Egypt

Morsy says early election calls ‘absurd’

Egypt's President Mohamed Morsy rejected as "absurd" opposition calls for an early election less than a year into his term of office, charging in comments published Friday that such calls violated the constitution.

"We are a country with a constitution and a legal system," the Islamist Morsy said in the interview with leading state-owned daily Al-Ahram.

"We held a free and fair election and to talk of an early presidential election is absurd and illegitimate."

Morsy was commenting on an opposition-backed campaign dubbed Tamarod, Arabic for rebellion, which says it has gathered seven million signatures to a petition demanding that Morsy step down to pave the way for an early election.

The campaign's mainly secular supporters, who include former UN nuclear watchdog chief Mohamed ElBaradei and the April 6 movement which was one of the spearheads of the 2011 uprising that ousted veteran strongman Hosni Mubarak, are calling for a mass protest on June 30, the first anniversary of Morsy's taking office.

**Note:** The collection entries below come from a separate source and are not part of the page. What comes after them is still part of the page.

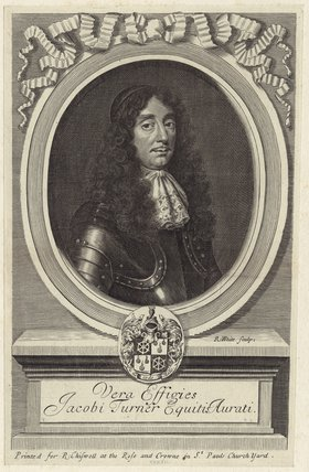 Engraving of Sir James Turner
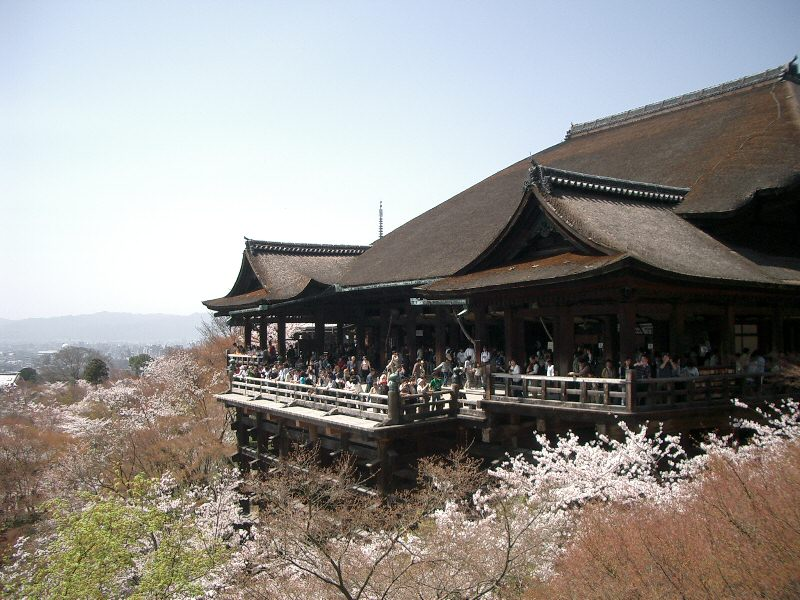 kiyomiudera temple in spring,kyoto japan
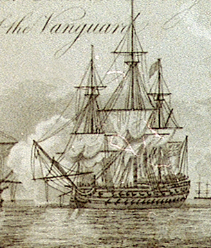 Captain Sir Edward Berry of the Vanguard. Technique includes etching. See PAD3437, published in March 1799, which is also based on Grimaldi but lacks the Nile medal (Berry having been Nelson's flag-captain there in 'Vanguard') and shows the sitter in the captain's undress uniform with a single (right) epaulette as appropriate to a captain of under three years' seniority. Grimaldi exhibited a miniature of Berry at the Royal Acdemy in 1799, but his own list of his works does not suggest he did more than one version at this time - and we do not know in which uniform - though he did another one of Berry in 1828. It is possible from the inscription, which states the 'portrait' as by Grimaldi and the rest by Roberts that the latter also includes the uniform and medal. See also MNT0126. [PvdM 12/10]
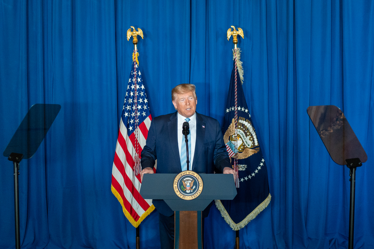 President Donald J. Trump delivers remarks during a press conference Friday, Jan. 3, 2020, at Mar-a-Lago in Palm Beach, Fla., following the U.S. airstrike in Iraq that resulted in the death of Iranian commander Qassim Soleimani. (Official White House Photo by Shealah Craighead)
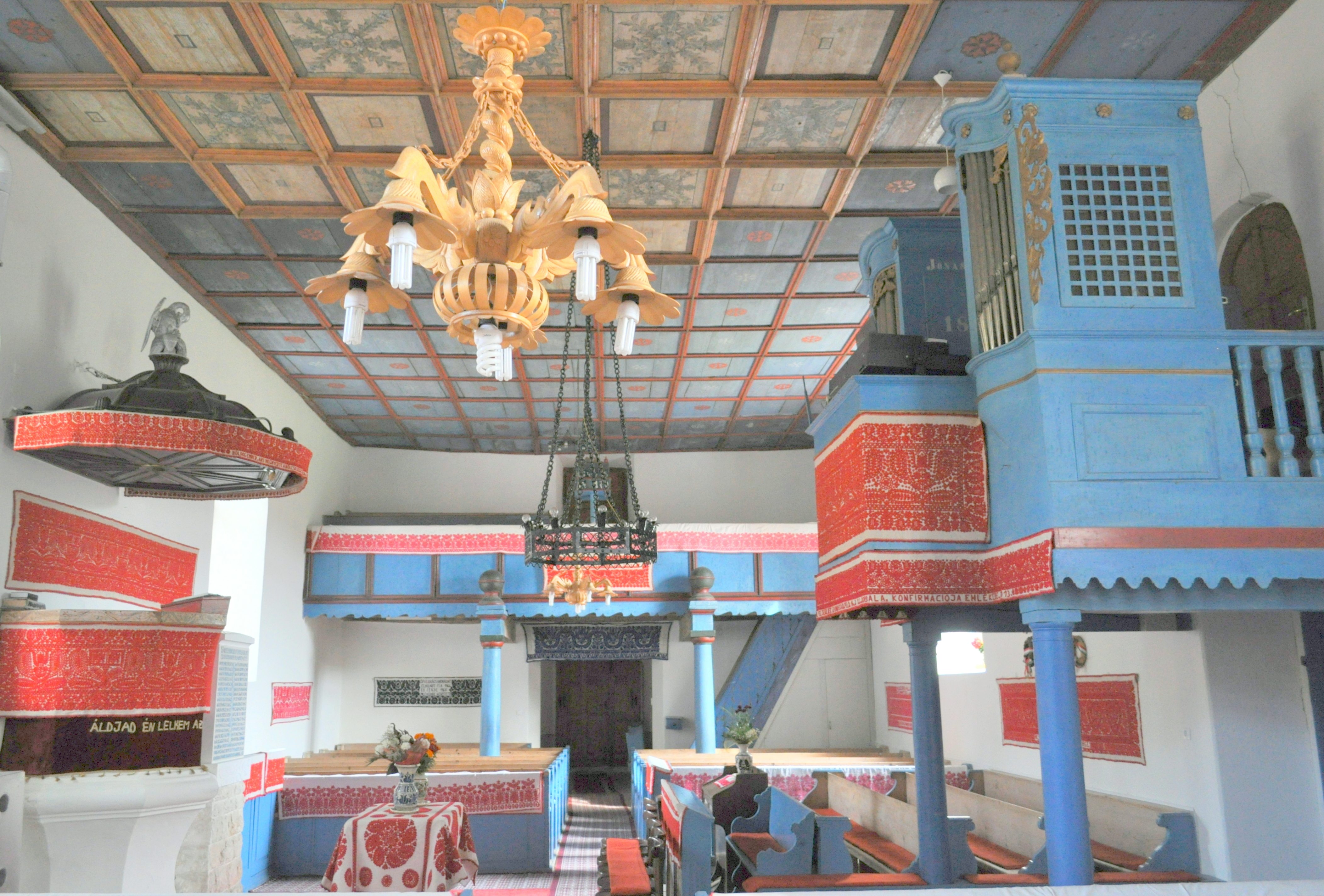 Reformed church in Căpușu Mare, Cluj County, Romania

"Expressing opinions, taking peaceful action, complete freedom for everyone… freedom to form political parties, none of that worries me, on the contrary it makes me happy," Morsy said.

"But breaking the law, resorting to violence or threatening to do so, that will not be tolerated or allowed."

Morsy's opponents accuse him of governing in the interests of the Muslim Brotherhood, the party on whose ticket he ran in the presidential election, and of reneging on his promise to rule in the interests of all Egyptians.

His first year in office has been marred by sometimes deadly clashes between his supporters and opponents that have stoked political tensions.

Unidentified assailants petrol-bombed the opposition Tamarod campaign's central Cairo offices at dawn on Friday causing fire damage to the main entrance but no casualties, the official MENA news agency reported.